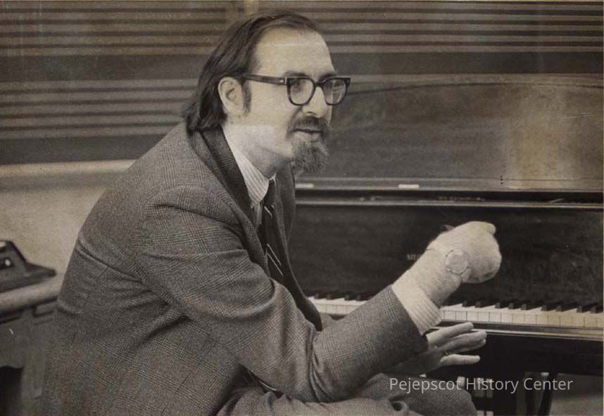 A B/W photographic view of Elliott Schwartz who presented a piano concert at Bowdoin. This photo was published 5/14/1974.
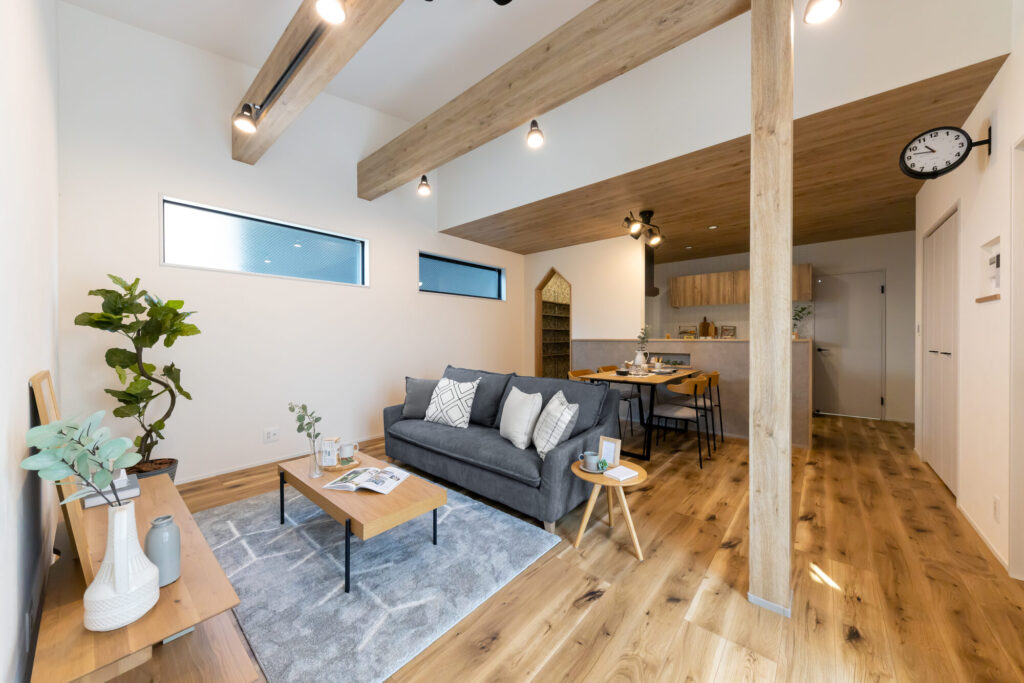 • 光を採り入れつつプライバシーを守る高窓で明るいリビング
* * * * * * *
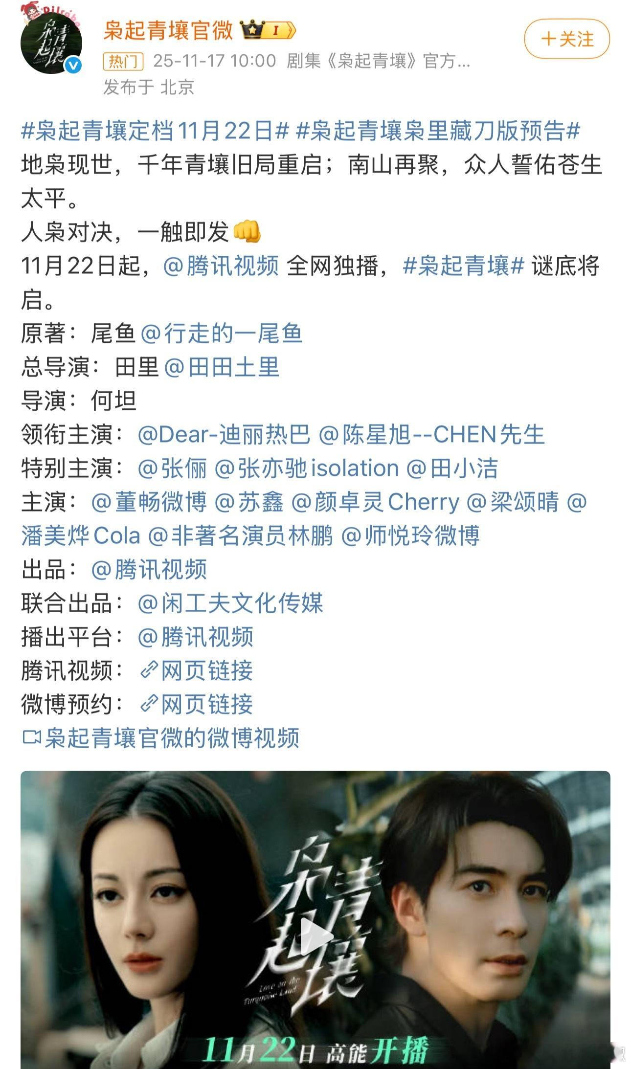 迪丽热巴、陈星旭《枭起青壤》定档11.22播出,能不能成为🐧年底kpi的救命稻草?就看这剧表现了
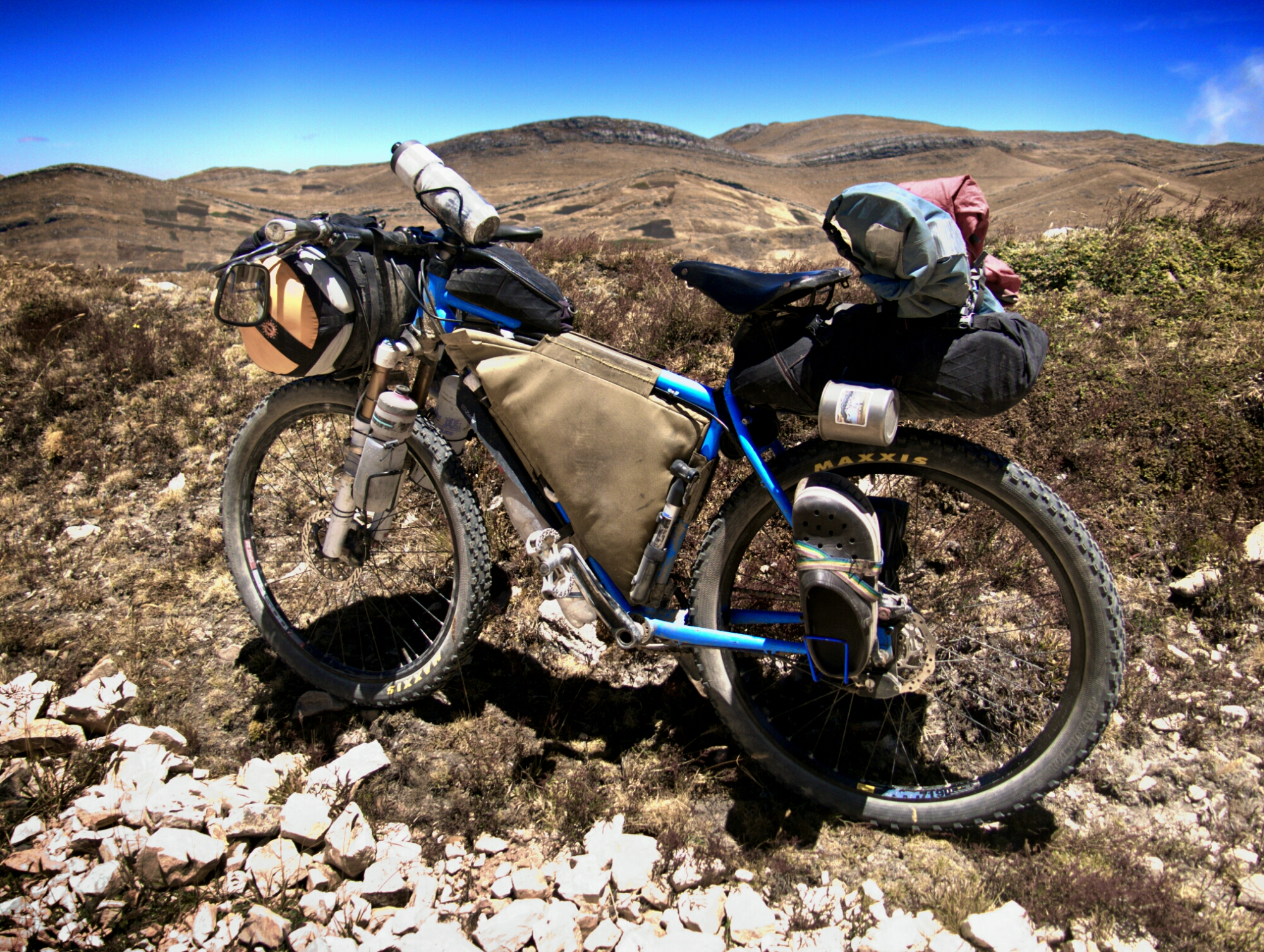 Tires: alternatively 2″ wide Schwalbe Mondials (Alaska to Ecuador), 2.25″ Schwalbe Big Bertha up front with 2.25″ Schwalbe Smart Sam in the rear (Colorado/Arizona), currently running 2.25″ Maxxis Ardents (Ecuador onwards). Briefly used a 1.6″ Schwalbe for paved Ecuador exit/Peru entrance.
* * * * * * *
All that is wanted is the lines above between the one containing "迪丽热巴、陈星旭《枭起青壤》" and the one containing "Tires: alternatively 2″", inclusive, restated word for word, with pictures omitted.

Solution to the exercise.
 迪丽热巴、陈星旭《枭起青壤》定档11.22播出,能不能成为🐧年底kpi的救命稻草?就看这剧表现了
 Tires: alternatively 2″ wide Schwalbe Mondials (Alaska to Ecuador), 2.25″ Schwalbe Big Bertha up front with 2.25″ Schwalbe Smart Sam in the rear (Colorado/Arizona), currently running 2.25″ Maxxis Ardents (Ecuador onwards). Briefly used a 1.6″ Schwalbe for paved Ecuador exit/Peru entrance.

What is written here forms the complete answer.